Крильон ничего не отвечал, он опять перечитывал письмо, а потом сказал Эсперансу:

- Кажется, понимаю.

- Если в этом письме есть что-нибудь интересное для меня, будет ли нескромностью с моей стороны спросить вас?

- Я еще не знаю.

- Я молчу, извините меня.

Крильон размышлял с минуту.

- Извините, - сказал он, - вы мне сказали, что вы получили это целых шесть месяцев тому назад?

- Это правда.

- И следовательно, вы оставляли у себя шесть месяцев письмо, адресованное мне. Вы не поторопились.

Эсперанс покраснел.

- Разве я дурно сделал? - спросил он. - Я не считал себя обязанным торопиться. Чего требовала от меня воля моей матери? Не воевать против кавалера де Крильона, я этого не сделал. Доставить письмо кавалеру де Крильону, я это сделал. Конечно, я мог бы поторопиться, но вы воевали далеко от меня. Надо было предпринять далекое путешествие, которое, я признаюсь, очень стеснило бы меня в то время.

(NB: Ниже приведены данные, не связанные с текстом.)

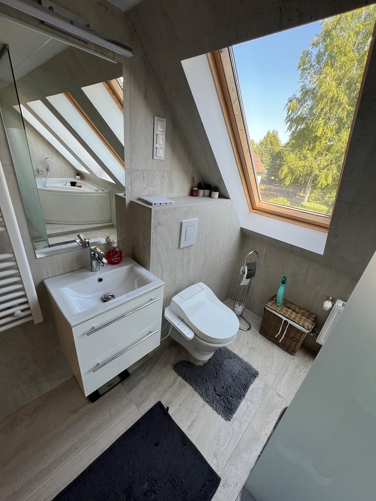 - szintenként fürdőszoba – wc, szülői hálószobában további privát fürdőszoba, wellness teraszon további zuhanyzó és különálló wc (összesen 4), stb.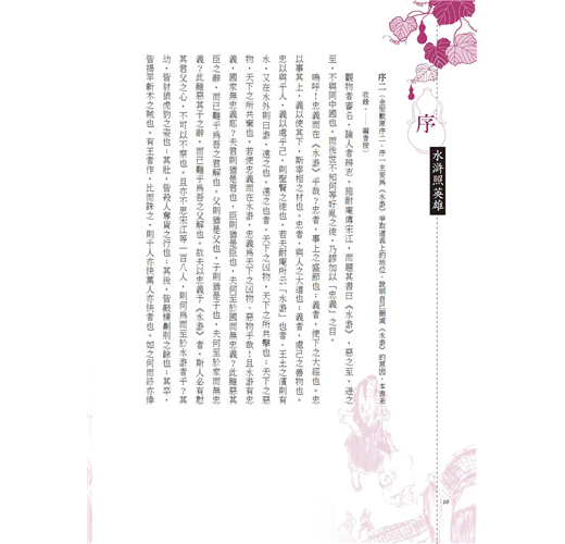 小說不同於哲學,小說的偉大不需要說明,只能用情節、故事來感染。因此閱讀小說與學習哲學、科技知識完全不同。經典的小說未必適合每一個人,一本好的小說,也未必需要完全通讀。興趣永遠是第一位。《水滸傳》這樣的經典也同樣,只要心某處被突然打動,必然會主動細細閱讀全文。現代的讀者全然可以漫不經心地翻看經典,無論原文、評論或者插圖,先從自己感興趣、吸引自己的地方入手。所以一部收集所有經典評論、適當注釋並且總攬所有插圖、繁衍作品的典藏版本,自然是最佳的選擇。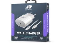 Сетевое зарядное устройство Power Delivery, 20W +Дата-кабель Type-C - Type-C, 3А, 1м, белое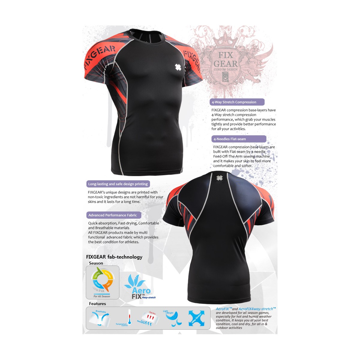 SIZING CHART for FIXGEAR technical compression shirts.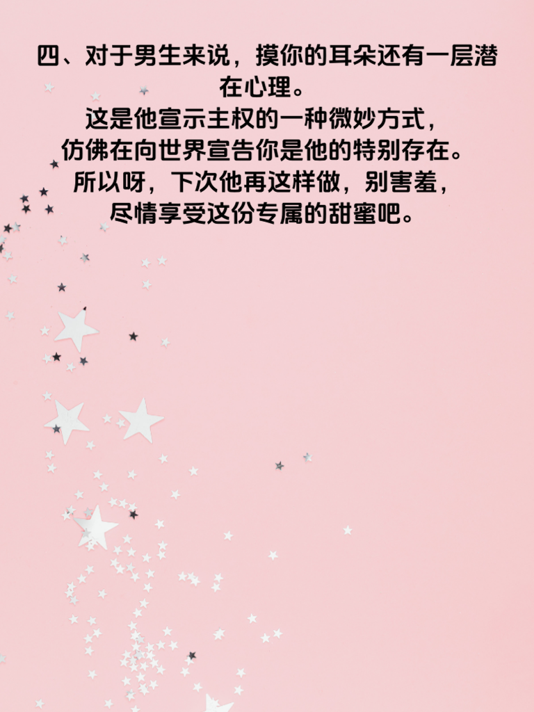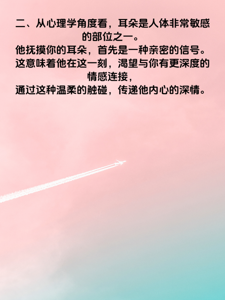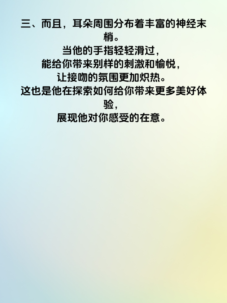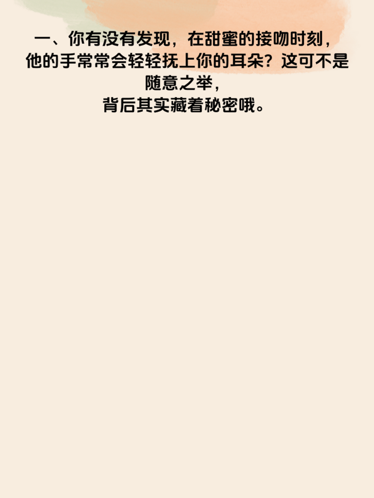 一、你有没有发现,在甜蜜的接吻时刻,他的手常常会轻轻抚上你的耳朵?这可不是随意之举,背后其实藏着秘密哦。 二、从心理学角度看,耳朵是人体非常敏感的部位之一。他抚摸你的耳朵,首先是一种亲密的信号。这意味着他在这一刻,渴望与你有更深度的情感连接,通过这种温柔的触碰,传递他内心的深情。 三、而且,耳朵周围分布着丰富的神经末梢。当他的手指轻轻滑过,能给你带来别样的刺激和愉悦,让接吻的氛围更加炽热。这也是他在探索如何给你带来更多美好体验,展现他对你感受的在意。 四、对于男生来说,摸你的耳朵还有一层潜在心理。这是他宣示主权的一种微妙方式,仿佛在向世界宣告你是他的特别存在。所以呀,下次他再这样做,别害羞,尽情享受这份专属的甜蜜吧。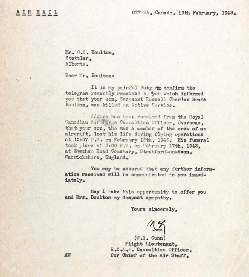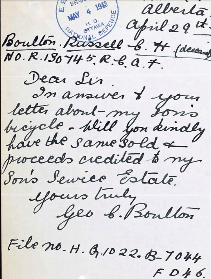 Fils de George Cartwright Boulton et Florence Mary Boulton, de Stettler, Alberta, Canada.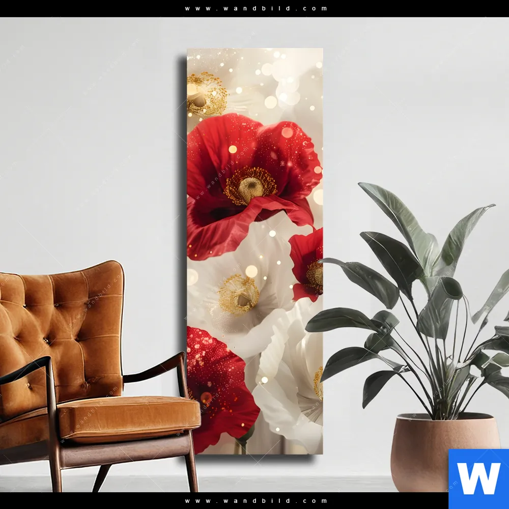 Leinwandbild | Rote und weiße Mohnblumen | Schmal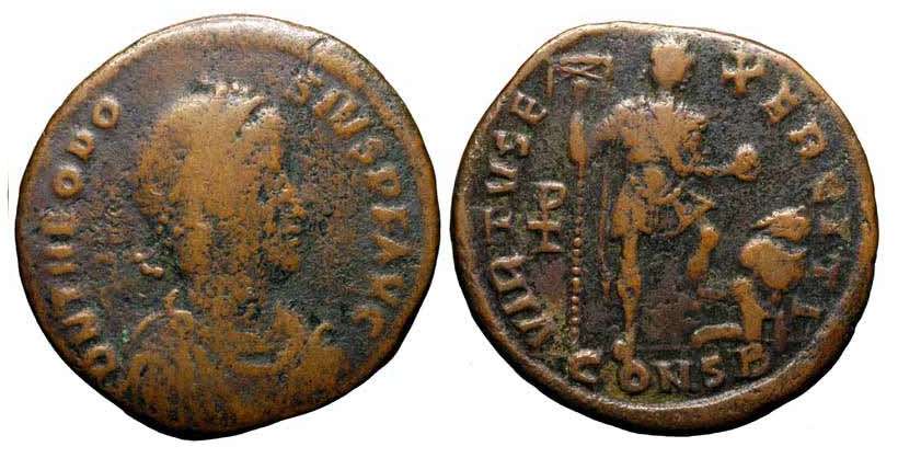 | Constantinople RIC IX 83b, B | Theodosius I AE2. 383-388 AD. DN THEODOSIVS PF AVG, pearl-diademed, draped and cuirassed bust right / VIRTVS EXERCITI, Emperor stepping to the right, treading on captive and holding labarum and globe. P-headed cross in left field. Mintmark CONSB. RIC IX Constantinople 83b var (field mark and officina); Sear 20504 var (ditto). | Text | Image |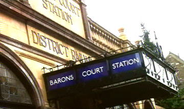 | In the part-documentary/part-reconstruction of the 1974-75 IRA bombing campaign in London, two terrorists are seen exiting "Barons Court," the nearest station to their safehouse. The fast-cutting of these shots failed to disguise the anachronistic service frequency and 2012 Olympic Bid posters!Also seen in the programme was original footage of the station at the time of the events depicted. | ![]() |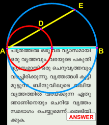 6)വ്യാസത്തിന്റെ അഗ്രബിന്ദുക്കൾ വൃത്തത്തിനു പുറത്തുണ്ടാക്കുന്ന കോണിന്റെ അളവ് (proof)
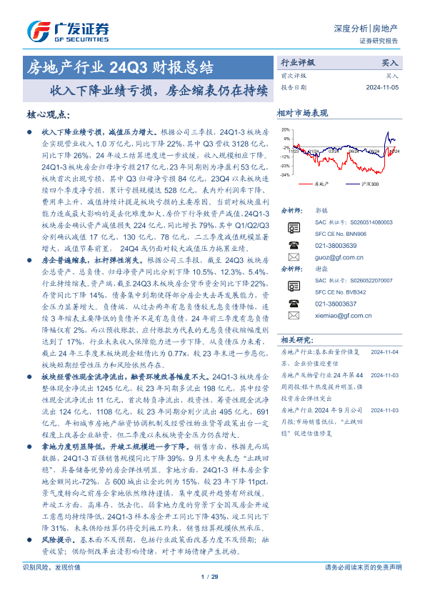 【广发证券】【20241105】房地产行业24Q3财报总结:收入下降业绩亏损,房企缩表仍在持续-29页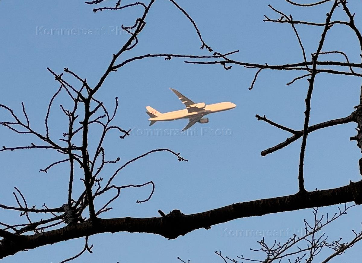 Жанровая фотография. Летящий самолет и ветки дерева.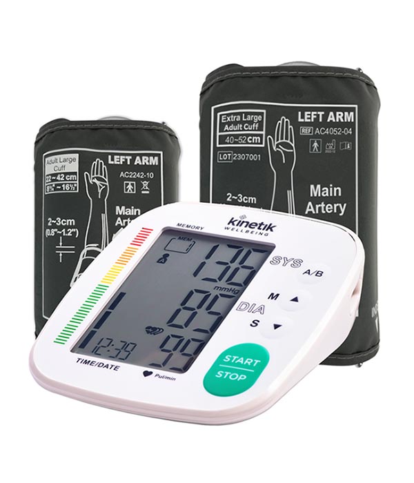 Advanced Blood Pressure Monitor with XL cuff (40-52cm). Large display. Average readings. Irregular Heartbeat detection. Automatic Cuff Wrap detection. Motion detection. On-screen World Health Organisation (WHO) classification indicator making it easy to understand and interpret blood pressure readings. 2user x 90 memory. Clinically validated for use by BIHS and EHS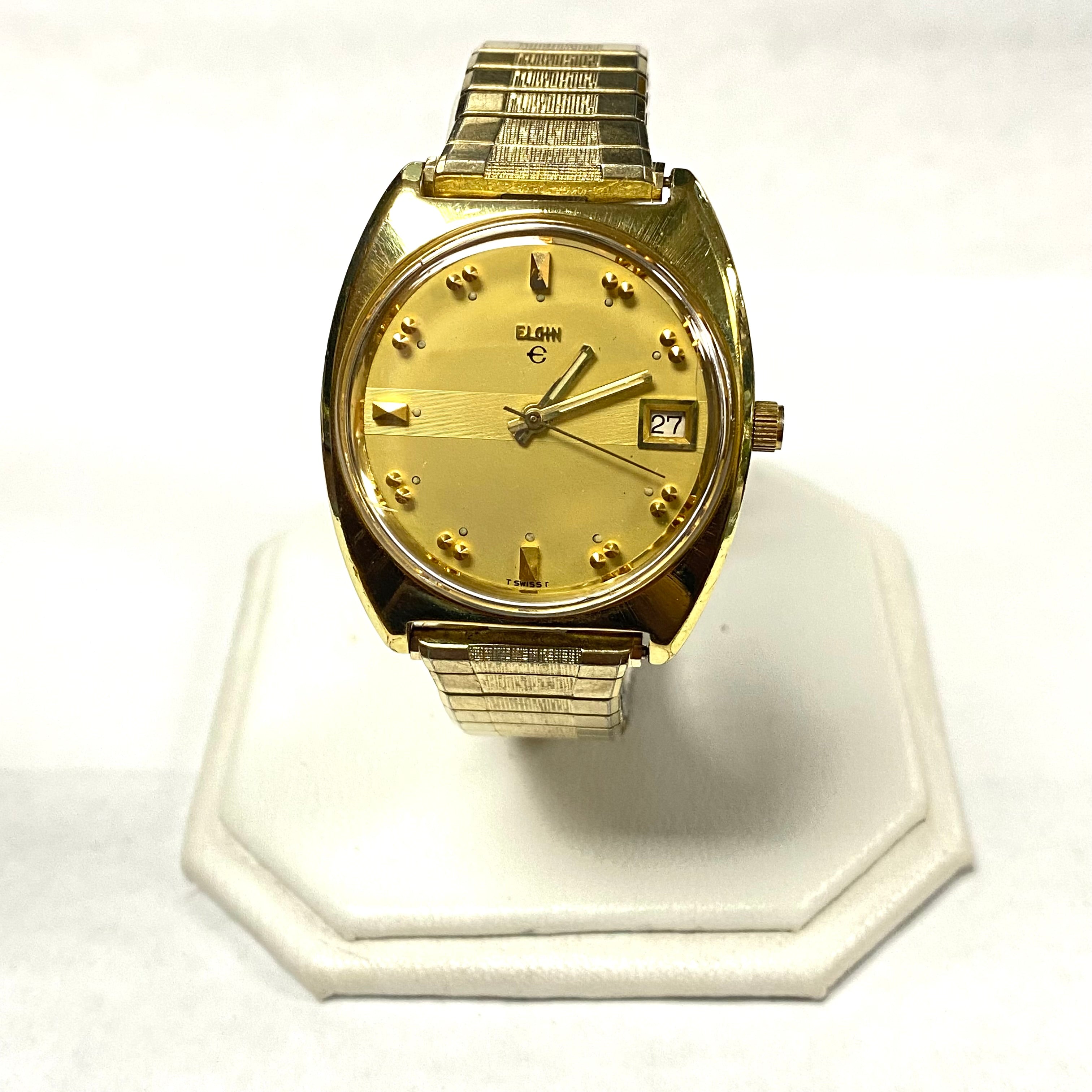 u517 Vintage ELGIN Swiss Mechanical Stainless Steel Gold Tone Wrist Watch 1970's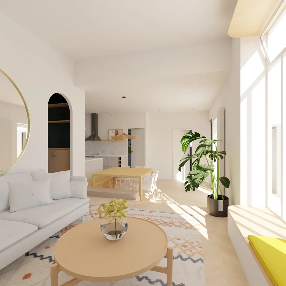 Vu depuis l'autre extrémité de l'espace de vie, on distingue mieux les grands changements qui ont été effectués en termes de cloisonnement. Le mur du salon a été prolongé en angle pour créer un sas menant aux WC et à la troisième chambre, tandis que l'ancienne salle d'eau a été entièrement déposée pour y installer une cuisine ouverte. Le renfoncement qui accueillait la cuisine a été fermé pour créer la nouvelle salle d'eau.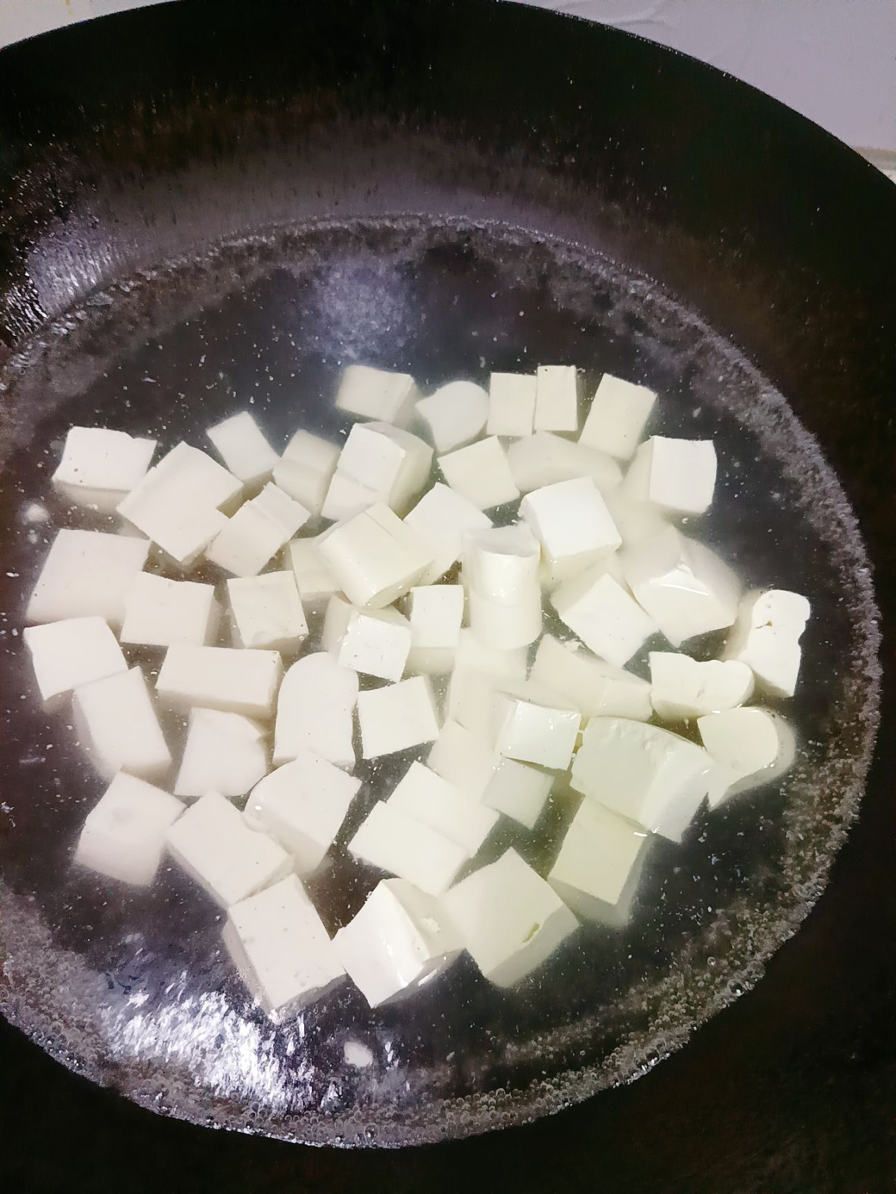 把豆腐切小塊,焯下水,去豆腥味,【我逗比老公給我買煎的豆腐,明明知道煮鯽魚豆腐湯】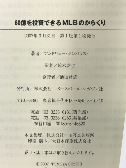 タイトル:60億を投資できるMLBのからくり ベースボール・マガジン社 アンドリュー ジンバリスト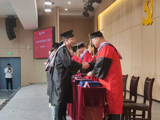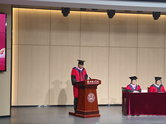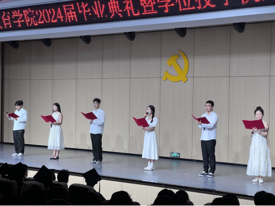 毕业典礼在雄壮的国歌声中拉开帷幕,副院长谢贤德宣读了《外围买球的app十大平台2024届本科毕业生学士学位授予决定》后,出席仪式的领导和教研室主任分别为毕业生代表颁发学历、学位证书,并进行拨穗正冠与合影留念。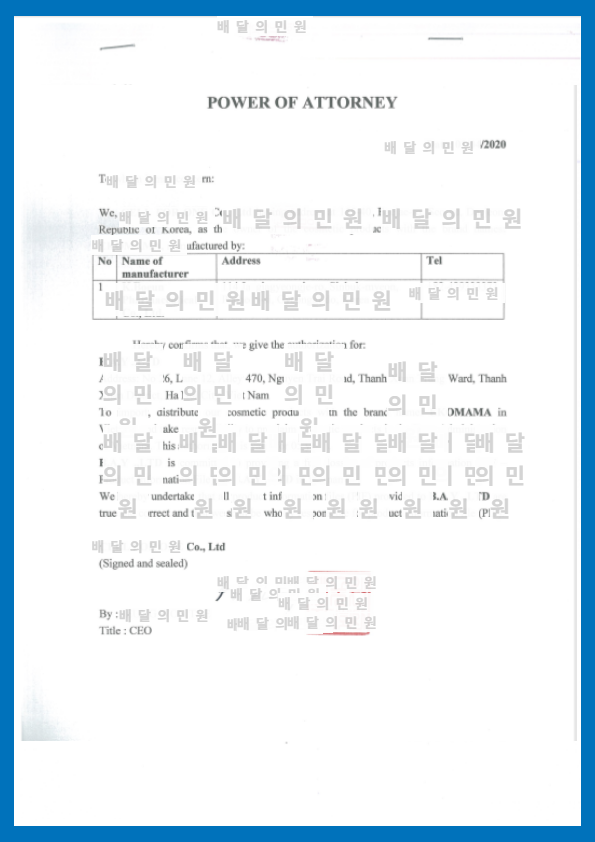 위임장의 경우에는 베트남 내 수입업체가 수입 화장품의 유통권을 인가받기 위해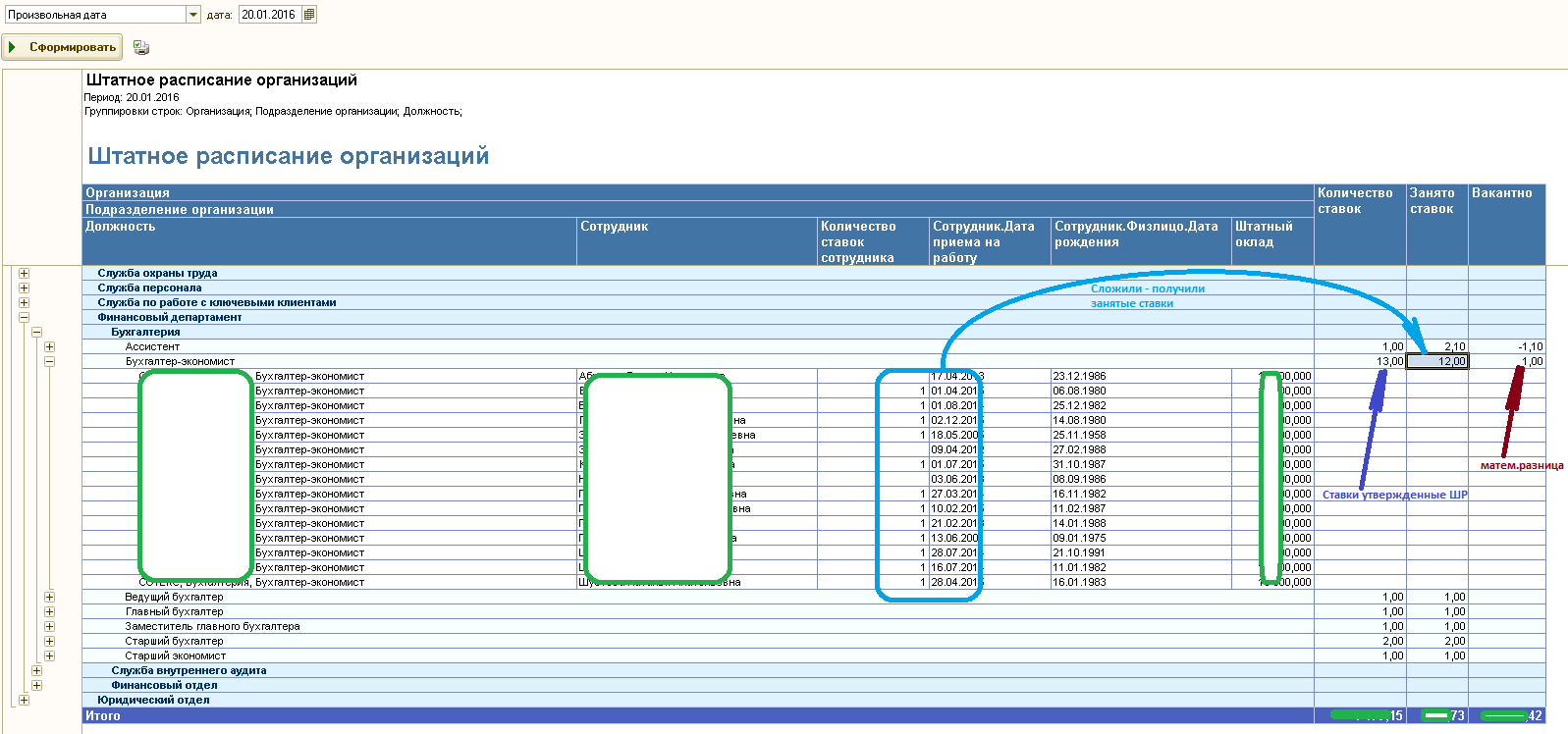 Выводим сколько по ШР утверждено на дату отчета. И показываем разницу. Получается выводим кол-во ставок которые можем еще занять как вакантные или как временно освобожденные кем-то ранее

- Вы, без сомнения, были заняты какой-нибудь любовной интригой?

- Да, - отвечал Эсперанс, улыбаясь самым очаровательным образом. - Умоляю вас простить меня. Молодые люди - эгоисты, они не хотят потерять ни одного из цветов, которые молодость рассыпает для них.

- Я вас не осуждаю, но эта любовь, стало быть, кончилась, эти цветы завяли, если я вижу вас сегодня?

- Нет, слава богу, моя возлюбленная очаровательна.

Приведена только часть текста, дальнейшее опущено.